In vielen Artikeln werden jetzt die Stärken und die Kundenbasis von Nuance im Health- und Medical-Segment und die damit verbunden Synergien als Hauptnutzen der Akquisition hervorgehoben. Das mag wohl ein überzeugender Zusatznutzen sein. Nuance bietet aber viel mehr! Nuance entwickelt und betreibt mit 6’000 Mitarbeitenden seit über 20 Jahren Spracherkennungslösungen im Enterprise Bereich, unterstützt viele unterschiedliche Sprachen und weiss, wie man Voice in den Business-Prozess der Unternehmen integriert. Jetzt bekommt das Mauerblümchen Cortana eine Monsterpackung Industrie-Dünger.
Blick in die Glaskugel
Der Analyst Gartner hat im Dezember 2020 prognostiziert, dass uns im Bereich «Conversational AI» eine riesige Akquisitionswelle und massive Veränderungen bevorstehen. Gartner hat die Entwicklung in diesem Bereich mit den Entdeckungen von Kopernikus im 15. Jahrhundert verglichen, der bekanntlich postuliert hat, dass die Sonne und nicht die Erde der Mittelpunkt unseres Sonnensystems ist. Die US-Amerikaner haben ja eine bekannte Neigung zur bildhaften Übertreibung. Aber jeder der das Umfeld beobachtet sieht, dass grosse Veränderungen in der Mensch-Maschinen-Schnittstelle auf uns zukommen.

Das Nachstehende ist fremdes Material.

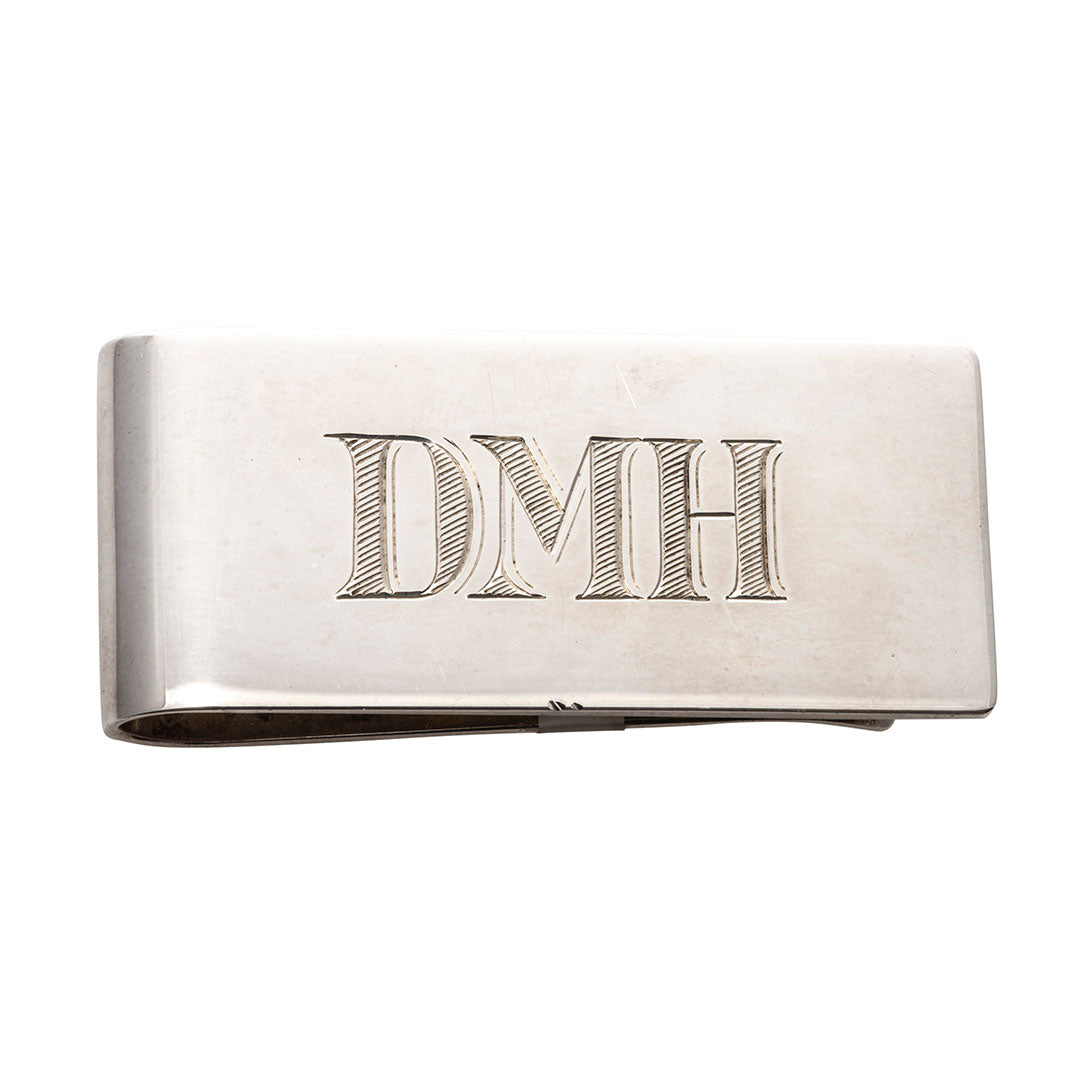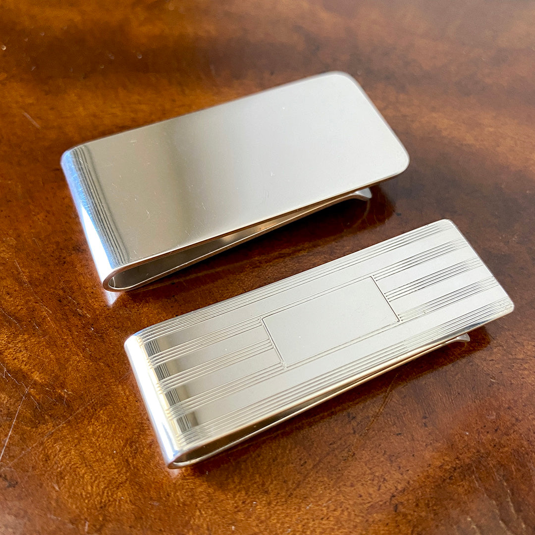 This is a plain, polished sterling silver money clip.
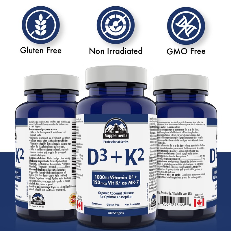 Vitamin D3 and K2 Supplements 180 Softgels - Vit D3 K2 MK7 Vitamin Supplement - D3 K2 Coconut Oil - D3(1000IU-25mcg)+K2(120mcg) - 3rd Party Tested - Formulated & Made in Canada

Was bedeutet diese «Monster-Akquisition» für einen Schweizer Sprachlösungs-Anbieter, wie Spitch?
Es kommt zu Verwerfungen im Markt, was für einen kleinen Anbieter wie Spitch immer eine Chance sein kann. In der Schweiz spielt Nuance aktuell keine Rolle mehr, nachdem sie sich 2017 (aus Mangel an Schweizerdeutschkenntnissen) aus dem Schweizer Mark zurückgezogen haben. Hier erwarte ich kurz- und mittelfristig keine Veränderungen. In Deutschland dagegen, aber auch weltweit hat MSFT jetzt unseren Hauptkonkurrenten aus dem Markt genommen. Erfahrungsgemäss resultieren solche Grossübernahmen immer zuerst in einer Lethargie und Orientierungslosigkeit, bevor der Synergie-Effekt eintrifft. Dies ist aus der persönlichen Erfahrung mit zwei grossen Oracle Akquisitionen gesprochen.
Für Spitch ist es jetzt wichtig, dieses Vakuum, das vorerst entsteht, flexibel und innovativ abzudecken, bevor sich MSFT mit der Nuance-Lösung richtig stabilisiert hat. Zudem lassen die «Big Player» oftmals Märkte und/oder Bereiche unbearbeitet, die für sie grössen- und ertragsmässig nicht interessant sind.
Ich sehe diese Übernahme als grosse Chance, uns als Schweizer Sprachlösungsanbieter für die Zukunft ganz neu und schlagkräftig zu positionieren!
* Jürg Schleier ist seit 5 Jahren Country Manager DACH beim Schweizer Sprachlösungsanbieter Spitch.